Print every entry below exactly, leaving out the pictures.

[Extracted records]
Segment Open

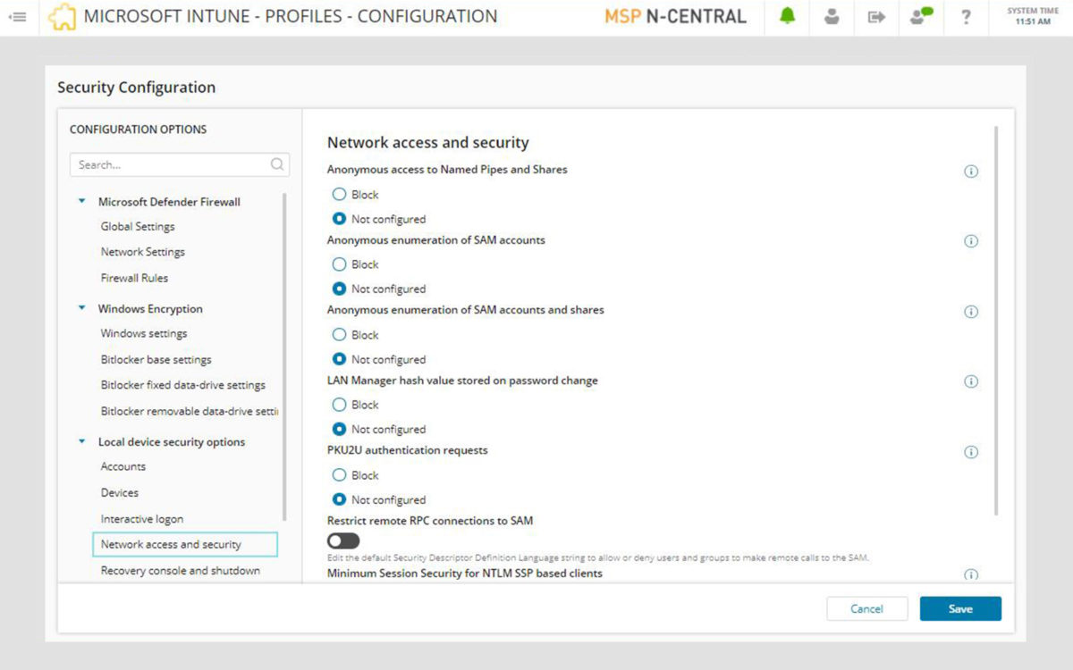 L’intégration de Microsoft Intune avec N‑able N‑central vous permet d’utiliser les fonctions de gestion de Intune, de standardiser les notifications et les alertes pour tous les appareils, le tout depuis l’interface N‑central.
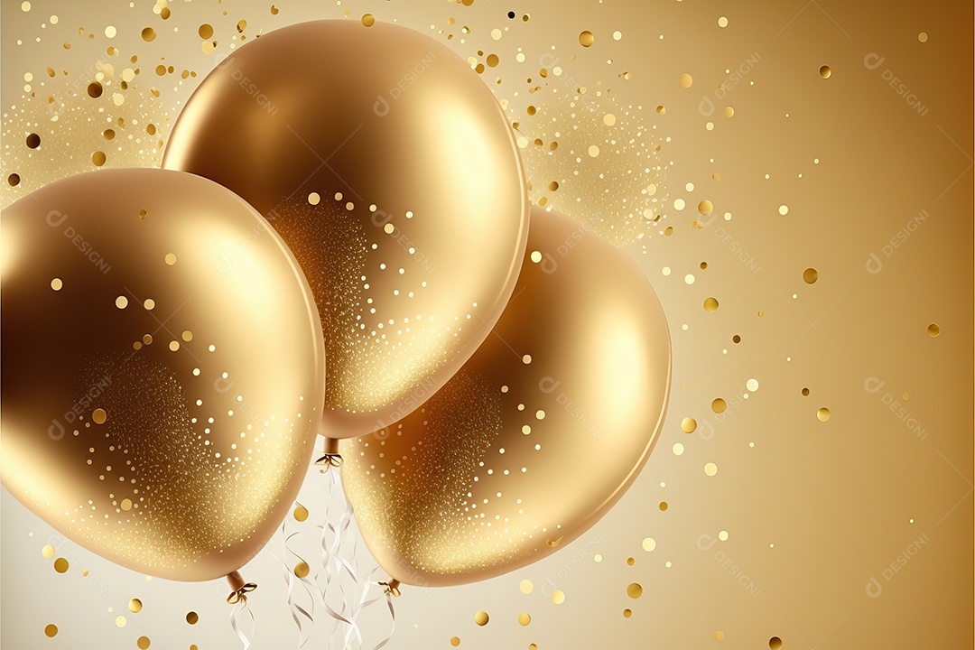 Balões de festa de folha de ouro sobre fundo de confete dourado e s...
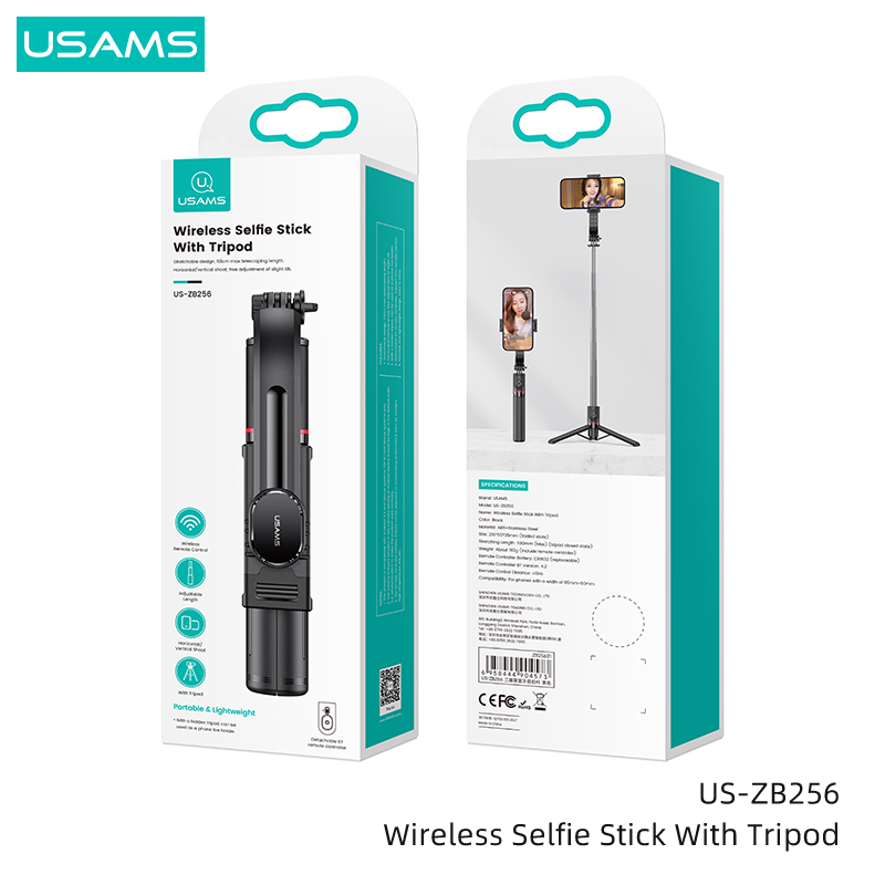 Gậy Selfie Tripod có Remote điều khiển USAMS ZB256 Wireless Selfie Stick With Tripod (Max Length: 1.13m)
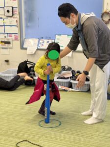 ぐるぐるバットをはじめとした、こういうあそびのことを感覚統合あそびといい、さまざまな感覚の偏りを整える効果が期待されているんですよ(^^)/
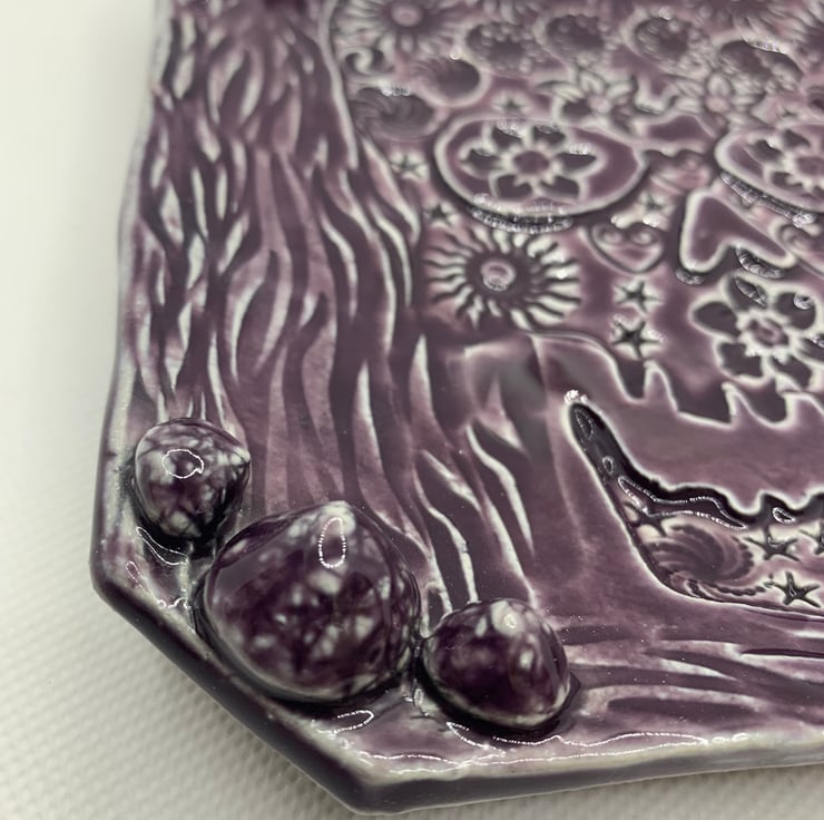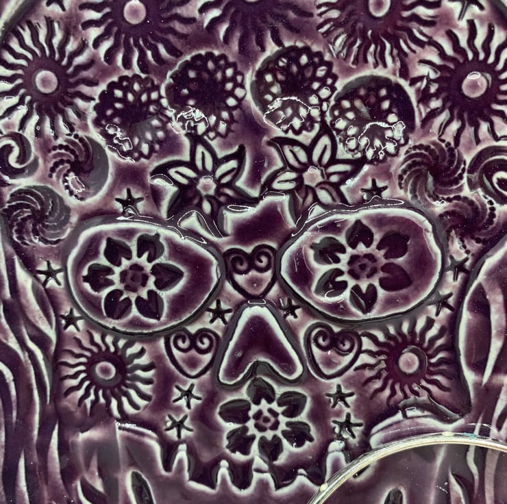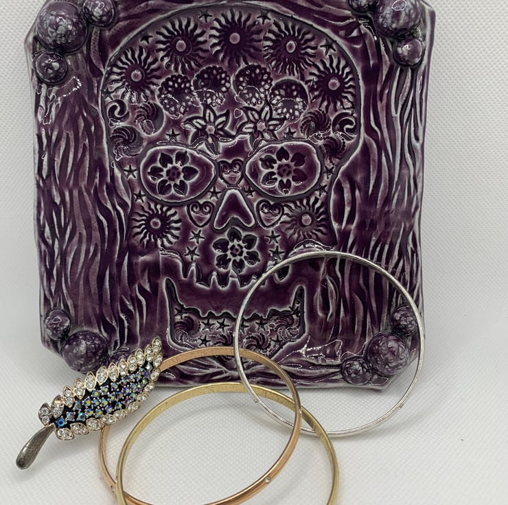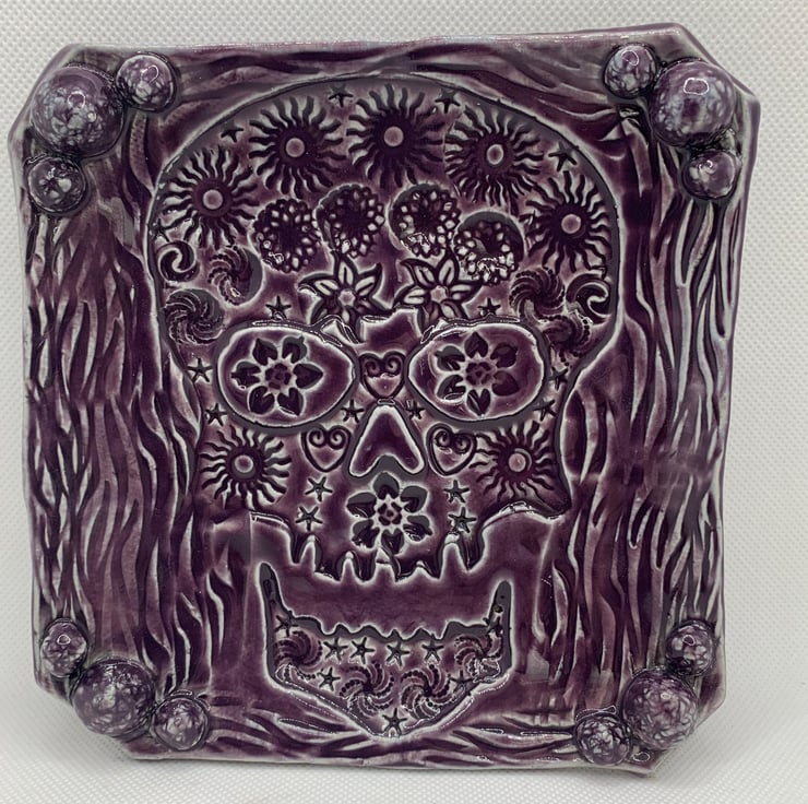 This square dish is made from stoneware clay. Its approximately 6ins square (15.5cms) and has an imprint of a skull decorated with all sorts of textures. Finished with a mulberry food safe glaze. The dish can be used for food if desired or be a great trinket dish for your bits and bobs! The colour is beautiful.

Segment Closed

▶ [Output of the exercise]
 L’intégration de Microsoft Intune avec N‑able N‑central vous permet d’utiliser les fonctions de gestion de Intune, de standardiser les notifications et les alertes pour tous les appareils, le tout depuis l’interface N‑central.
 Balões de festa de folha de ouro sobre fundo de confete dourado e s...
 Gậy Selfie Tripod có Remote điều khiển USAMS ZB256 Wireless Selfie Stick With Tripod (Max Length: 1.13m)
 ぐるぐるバットをはじめとした、こういうあそびのことを感覚統合あそびといい、さまざまな感覚の偏りを整える効果が期待されているんですよ(^^)/
 This square dish is made from stoneware clay. Its approximately 6ins square (15.5cms) and has an imprint of a skull decorated with all sorts of textures. Finished with a mulberry food safe glaze. The dish can be used for food if desired or be a great trinket dish for your bits and bobs! The colour is beautiful.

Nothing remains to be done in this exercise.